Tytuł wpisu w pamiętniku odchudzania:
Rzuciłam się na lodówkę


Nie wiem co się wczoraj ze mną działo . Ciągle na coś miałam ochotę, ciągle bym coś miętoliła w ustach ...... I wcale nie jest to "winna" okresu . Tylko moja - mojej głowy . Mój brzuch nie był głodny , ale głowa mówiła coś innego . Odczuwałam taki głód psychiczny - znacie to ? Nieciekawe doświadczenie.Ale będę z tym walczyć - muszę ! Wiem że wiele może być takich sytuacji ( mam nadzieję że ta była tą ostatnią ! ) .Dam radę !


Nie,nie,nie - nie obżarłam się jakoś szczególnie .Co nie znaczy że jestem z siebie zadowolona - nie jestem :/ Śniadanie / II śniadanie / obiad - wzorowo wg swojego wcześniej przyjętego planu . ALE po obiedzie zjadłam 2 naleśniki ( nadprogramowo ) oraz ugotowałam sobie woreczek ryżu na mleku .... dodałam 3 łyżki cukru :/ Zamuliło mnie , zrezygnowałam z kolacji bo taka opchana byłam.


Wiem,w dupę powinnam dostać.

ALE ja się nie poddaje ! Walczę dalej i nie mam zamiaru już się zastanawiać nad tym co było . Tylko zastanowię się nad tym co zrobić by tak więcej nie było :D :P Kiedy wczoraj żaliłam się przyjaciółce że nie dałam rady ( jeszcze nie powiedziałam że się odchudzam , myśli że odstawiłam słodycze :P ) to powiedziała coś naprawdę mądrego "Misia nie płacz - zobacz słońce to jest i tak sukces , jeszcze tydzień temu w momencie smutku zjadłabyś pięć razy tyle.Jestem z Ciebie dumna " . Dodało mi to skrzydeł !


A dziś ?

I owsianka z jabłkiem

II kromka razowca z serem żółtym i kefir

III zupa krem z groszku zielonego ( zabrałam ze sobą i zjadłam podczas spaceru - wiecie ze wcześniej wolałabym głodować niż jeść wśród ludzi )

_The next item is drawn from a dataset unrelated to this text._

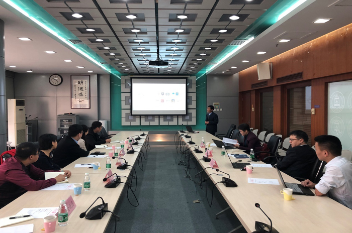 清华大学公共管理公司党委书记彭宗超介绍清华大学公共管理公司情况,清华大学公共管理公司主管科研副经理杨永恒,主管员工工作、宣传工作党委副书谢矜参会

IV pstrąg grillowany i surówka z kapusty kiszonej

V omlet z 2 jaj i sałatka ( mix warzyw z dresingiem na bazie jogurtu i czosnku )


Dziś pospacerowałam sobie 2 godziny :D - jestem zadowolona .

Często pytacie mnie co macie rozumiem przez słowo "spacer" czy to 30 minut chodzenia po parku a kolejne 1,5 godziny chodzę po sklepach / urzędach itd :)

Nie,kochane -spacer to spacer :D

Wychodzę z domu i maszeruję / spaceruję ( staram się to robić na zmianę - 30 minut marszu , potem spacer i tak w kółko) . Najczęściej po lesie , "górskich" terenach , rzadziej po parku . Oczywiście że czasami czas mi się dłuży , dlatego też zawsze zabieram słuchawki słucham muzyki lub radia . A jak mi się znudzi to rozmyślam :D Wychodzę na ten spacer nie tylko dlatego że to polubiłam , ale po to że siedzenie w domu ogłupia ( mnie :D ) . Będąc w domu myślałabym o jedzeniu . Więc rozwiązanie jest proste - spacer :D


Poszłam dziś specjalnie do Biedronki . Dziś były w niej książki "fit" . Polowałam na te dwie pozycje :






Zaczęłam je wertować , ale przed oczami stanęła mi teściowa i tyle z moich zakupów :D :P Kompletnie o książkach zapomniałam . Mam nadzieję że jutro je kupię bo wydawały się ciekawe :)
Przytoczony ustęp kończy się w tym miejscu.